High School and College 
Robinson earned Virginia Prep League Player of the Year honors after averaging 24 points, ten rebounds, three blocked shots and two assists per game for Christchurch School in 2013–14 en route to a runner-up finish in the VISAA Division II State Championship.

He was recruited by Billy Donovan and chose the University of Florida over Connecticut, Indiana, Notre Dame and Oklahoma State. Despite being disappointed as Donovan left the Gators for the NBA prior to his sophomore year, Robinson stayed at Florida.

"Devin runs like a deer and gets his jump shot off so quickly (…) He’s a very talented guy. He can be a force at both ends of the floor", Florida head coach Michael White described his game in March 2017 according to richmondfreepress.com.
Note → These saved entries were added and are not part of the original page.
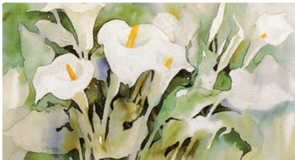
تصویر ۳۷-۴ نقاشی آبرنگ از گل‌های شیپوری

درباره تفاوت شیوه تأکید در آنها گفتگو کنید.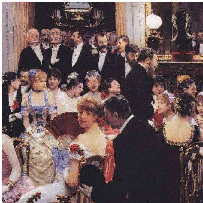
J. Béraud, vers 1880, huile sur toile, musée Carnavalet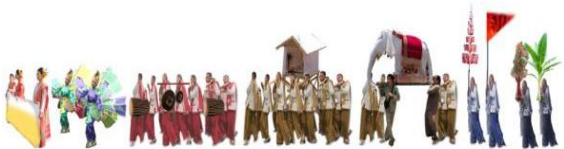
ภาพที่ 5.4 หัวขบวนงานประจำปีประเพณีแห่ช้างผ้าของชุมชนเกาะหลวง

รูปแบบการจัดตั้งขบวนในงาน “ประจำปีประเพณีแห่ช้างผ้าของชุมชนเกาะหลวง”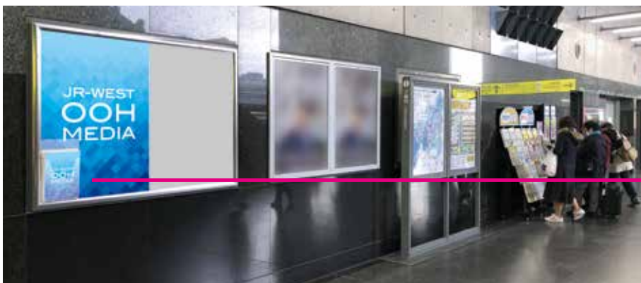
京都駅 (ポスタープラス)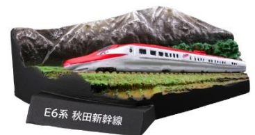
岩手山をバックに走る秋田新幹線こまち

1952年(昭和27年)10月14日、鉄道開通80周年に際し建てられた小便小僧。浜松町駅 3・4 番線ホームにあり、季節によって衣装を変え、利用客の目を楽しませている。今回は、京浜東北線「E233 系」との情景を再現。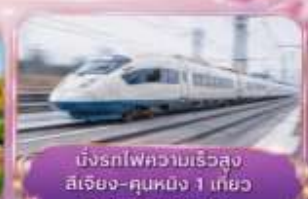
นั่งรถไฟความเร็วสูง ลี่เจียง-คุนหมิง 1 เที่ยว (รวมรถขงกระบี่)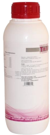
PROHEPA LIQUID 1 L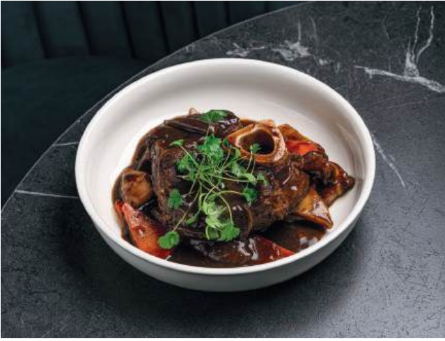
Особуко из говядины с овощами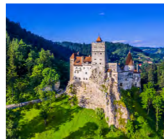
ドラキュラのモデルとなった城「ブラン城」

カルパチア山脈に囲まれたトランシルバニア地方には、ドイツ人が入植していたこともあり、その町並みは他の東欧の町々とは大きく異なります。ブラショフを拠点に中世の趣がそのままに残るドラキュラのモデルとなったヴラド・ツェペシュの聖地シギシオアラや、世界遺産のプレジューメールの要塞教会などを訪ねます。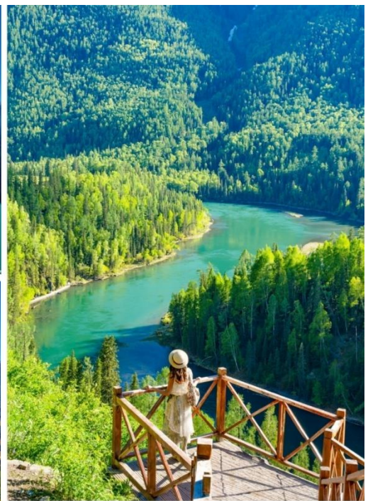
อุทยานแห่งชาติคานาส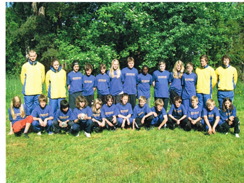
Mini Varpa Camp Gustavs Fröjel 2010.

Robinson averaged 11.1 points and 6.1 rebounds a game in the 2016–17 campaign and then decided to forgo his senior year to launch his professional career and enter the 2017 NBA draft.

Professional career

Washington Wizards (2017–2019)
He went undrafted in the 2017 NBA draft, but joined the Washington Wizards for the 2017 NBA Summer League. Based on this performance, Robinson was signed to a two-way contract by the Wizards on July 14, 2017. He became the team's second two-way contract that year, meaning he also splits time between the Wizards and a G League that best suits Washington's area.  On November 2, 2017, Robinson was assigned to the Delaware 87ers of the NBA G League, and later in the season, to the Westchester Knicks.

Playing for the Wizards in the 2018 NBA Summer League, Robinson led the team in scoring with over 19 points per game.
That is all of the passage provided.